A água é onde a aliança é selada. A água é onde o nome é colocado sobre o crente. A água é onde a resposta visível de uma consciência já purificada (1 Pedro 3:21) é dada publicamente. Reter o testemunho da água enquanto se professa o testemunho interior é recusar o alinhamento que o próprio Cristo ordenou e que os apóstolos aplicaram uniformemente. O Autor da Torá imprimiu a purificação no cume de Seu próprio livro. O Filho que veio em carne passou pela água antes de ir para a cruz. O Espírito que desceu no Pentecostes enviou a nova igreja para a água naquele mesmo dia. Todo o testemunho de Deus — o texto de superfície, o substrato codificado, o exemplo do próprio Senhor, o comando dos apóstolos — aponta para o mesmo caminho. Devemos passar por isso.
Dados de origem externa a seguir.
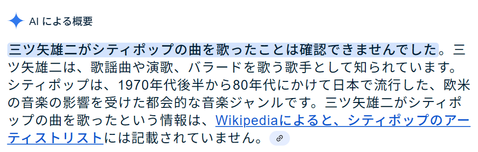 ……なのに、なぜかGoogleは「三ツ矢雄二をシティポップ文脈で語った情報はない」としていて、検索すると以下のような回答が出ました。

Não fique na margem da água ensaiando os códigos. Dê o passo. Seja sepultado com Ele. Seja ressuscitado com Ele. Deixe que o nome seja colocado sobre você. Então saia e esquadrinhe, como os reis desta geração são chamados a esquadrinhar. Os dados ainda estarão lá. A Torá ainda será o bordão produzindo amêndoas. Mas você estará do lado de dentro do que os dados descrevem — conhecido por Aquele que o conheceu antes da fundação do mundo, e dizendo, com o sacerdote de Hebreus 9 e o sumo sacerdote de Levítico 16: Lavei-me e entro.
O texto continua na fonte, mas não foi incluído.